A reconstrução gerada no último ciclo será utilizada como referência inicial para posterior refinamento. Finalmente, execute a reconstrução 3D com refinamento iterativo usando o mapa de densidade 3D gerado pelo I-H-R-S-R como referência inicial para refinamento adicional durante o refinamento. A simetria helicoidal é fixada na rotação entre as subunidades e a elevação axial, que são determinadas a partir do procedimento I-H-R-S-R.
Em seguida, determine o desfoque e o astigmatismo presentes na micrografia usando os programas CTF find three e CTF tilt usando programas de aranha denominados FT e mu multiplicam segmentos de partículas pela função de transferência de contraste. O CTF abreviado realiza a correspondência de projeção comparando as projeções dos volumes de referência com as imagens corrigidas pelo CTF usando o alinhamento de múltiplas referências. A variação no ângulo de inclinação fora da planície é limitada a mais ou menos 10 graus e amostrada em etapas de um grau introduz restrições como altos coeficientes de correlação em ângulos lisos próximos a zero graus ou 180 graus e deslocamentos X limitados.
Para os parâmetros de alinhamento de cada segmento, inclua na reconstrução apenas os segmentos que satisfazem as restrições. Após cada ciclo de refinamento iterativo, uma reconstrução 3D é gerada usando projeção reversa e dividida por alguns sobre o CTF ao quadrado que impõe a simetria helicoidal para gerar um volume de simetrias. O refinamento iterativo é encerrado quando não ocorre nenhuma melhoria adicional na resolução da nova reconstrução 3D.

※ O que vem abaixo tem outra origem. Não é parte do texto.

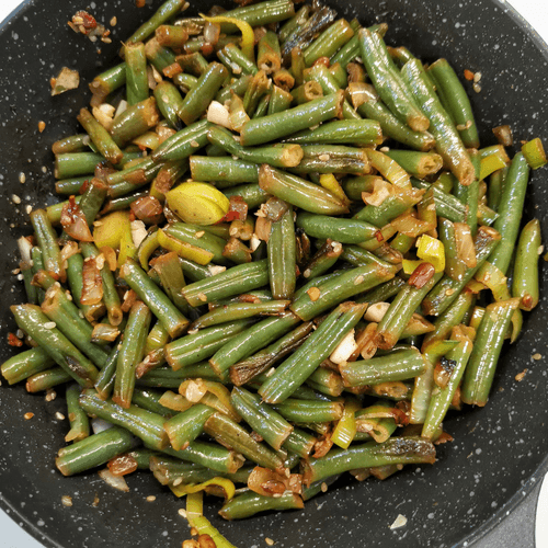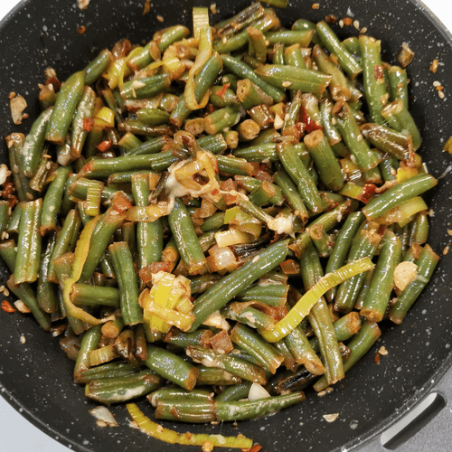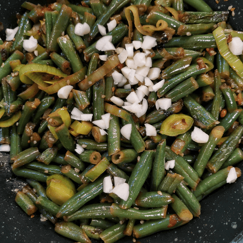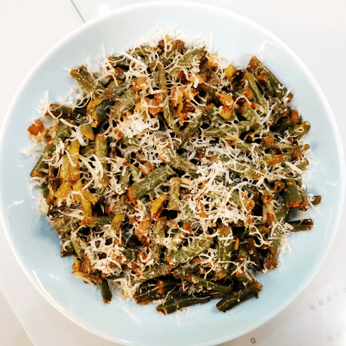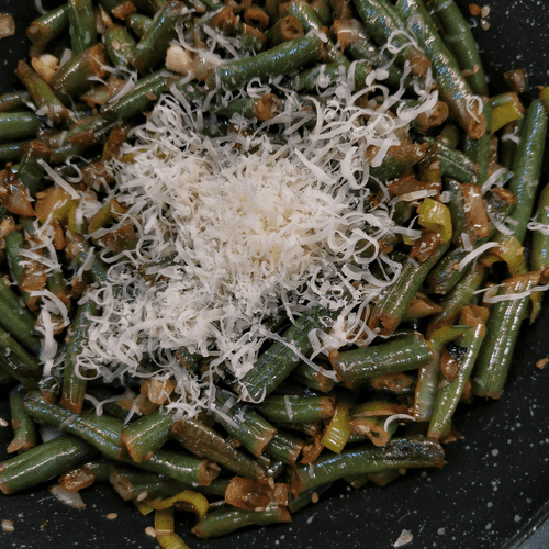 Green beans with cheese, onion and garlic

Um único conjunto de capsídeo HIV um, um tubo 92 e, foi encaixotado e sua transformada de Fourier é calculada para indexação helicoidal dos dois raios, os números das linhas da camada e os raios de amplitude máxima para as linhas da camada um zero e zero um foram determinados. Os valores finais de menos 12 e 11 foram então calculados para um zero e zero um, respectivamente, com uma distância de repetição de 5195,48 angstroms. A simetria do parafuso do tubo foi determinada como delta Z igual a 6,81 angstroms e delta cinco igual a 328,88 graus, delta Z e delta cinco foram refinados para 7,13 angstroms e 328,86 graus usando I-H-R-S-R e uma reconstrução inicial foi gerada após 10 ciclos iterativos.
A reconstrução final após o refinamento iterativo melhorou significativamente o mapa de densidade em relação ao modelo inicial calculado com I-H-R-S-R. O mapa de densidade dos tubos de montagem do capsídeo é exibido como três fatias ortogonais paralelas ao eixo do tubo e próximas à superfície, perpendiculares ao eixo do tubo e paralelas e através do eixo do tubo. A estrutura exibida resulta da renderização da superfície do mapa de densidade 3D contornado em 1,8 Sigma envolvendo 100% do volume.
Depois de assistir a este vídeo, você deve ter uma compreensão muito boa de como obter uma estrutura 3D de molécula montada aliada usando microscopia eletrônica de corvo.
Este artigo descreve um método para obter uma estrutura tridimensional (3D) de moléculas montadas helicoidalmente usando microscopia crioeletrônica. O protocolo ilustra o procedimento detalhado de reconstrução 3D para alcançar um mapa de densidade usando montagens de capsídeo HIV-1.